« L’Armée du crime » : Vivre et résister
L’Armée du crime , le film de Robert Guédiguian, relate les faits d’armes du groupe Manouchian durant la Seconde Guerre mondiale. En évoquant le combat de ces hommes « aux noms difficiles à prononcer », le cinéaste nous parle discrètement de notre époque. De la France des Sarkozy, Besson, Hortefeux, dure aux immigrés et dénuée de projet.

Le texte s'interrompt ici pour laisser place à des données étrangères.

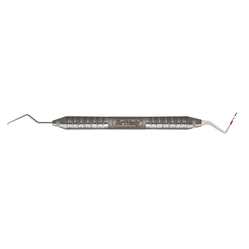 TU17 Explorer/Colorvue™ Probe HandleA double-ended instrument with an explorer on one end and a probe on the other, an Expro is excellent for dental examinations and charting. *Colorvue™ PerioScreen tips sold separately.

dans l’hebdo N° 1068 Acheter ce numéro
Plus de cinquante ans après la publication du poème de Louis Aragon, mis en musique par Léo Ferré, Robert Guédiguian a réalisé un film s’inspirant des faits d’arme de Missak Manouchian et de ses compagnons. Le choix du titre, l’Armée du crime , est un programme. Car si cette appellation est due à l’origine aux oppresseurs, qui l’apposèrent sur la fameuse « Affiche rouge », celle-ci devint très rapidement le symbole de la résistance des étrangers en France. L’œuvre splendide de Guédiguian est tout dans ce renversement de sens. Juvénile, généreux, rayonnant, l’Armée du crime est un film ensoleillé, comme saisi d’une pulsion vitale.

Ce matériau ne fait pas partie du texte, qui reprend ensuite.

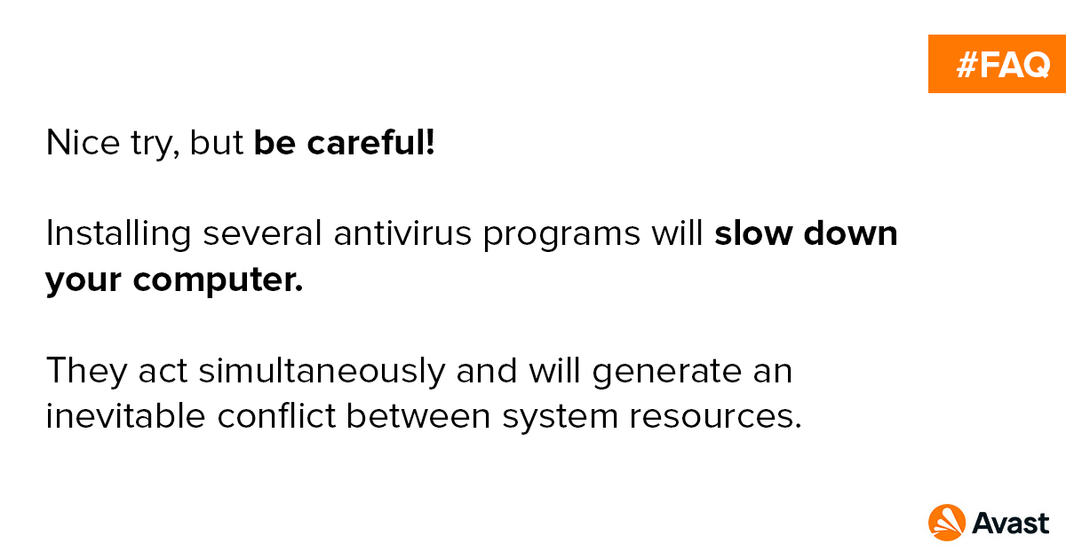 Two antivirus will slow down your computer - Techchore Some advanced computer users do install two antivirus programs in the same OS. But they make sure that the two programs do not both perform real time computer protection tasks. Typically, one does on-demand tasks that require the user to start and stop them manually while the other does the... Using more than one antivirus program hurts your computer Having two antivirus programs is like hiring two armies to take the same fortress. They have completely different fighting styles. When you run antivirus software, it scans for suspicious programs. It might detect the other AV program on your computer, not recognize it as a fellow... Running two antivirus programs will compete over viruses Running two antivirus programs at the same time is so bad, that it's the same as having none at all. Cyber security is, without question, a growing concern. In the face of such a massive online threat, you probably thought about installing two or more antivirus software on your computer.

Pourtant, rien n’y est gommé : l’antisémitisme, l’anticommunisme et le sadisme de la police française couchée aux pieds des nazis, l’abjecte propagande vichyssoise diffusée par la radio française, la peur et le désespoir provoqués par les rafles, et, bien sûr, l’odeur de la mort. Celle qu’on reçoit, mais celle aussi que donnent ces jeunes gens en colère. « Il suffit que la haine soit assez vivante, pour qu’on puisse en tirer quelque chose, une grande joie, non pas d’ambivalence, non pas la joie de haïr, mais la joie de vouloir détruire ce qui mutile la vie » , a écrit Gilles Deleuze dans une phrase qu’on croirait sortie de l’Armée du crime.
Robert Guédiguian signe une tragédie. Avec des héros portés par l’exigence de leur idéal qui les conduit vers un destin assumé. Mais ces héros, pris dans leur quotidien, ne sont ni lointains ni abstraits. Par l’intelligence de son scénario, la tension de sa mise en scène et la qualité de ses interprètes (Simon Abkarian, Virginie Ledoyen, Grégoire Leprince-Ringuet, Robinson Stévenin, Adrien Jolivet, Lola Naymark et beaucoup d’autres), l ’Armée du crime s’offre aux spectateurs d’aujourd’hui non seulement comme un spectacle vibrant et inspiré, mais aussi comme une invitation à partager l’esprit de justice, de liberté et de résistance. S’affirme ici une certaine idée du cinéma. Il y en a de moins bonnes.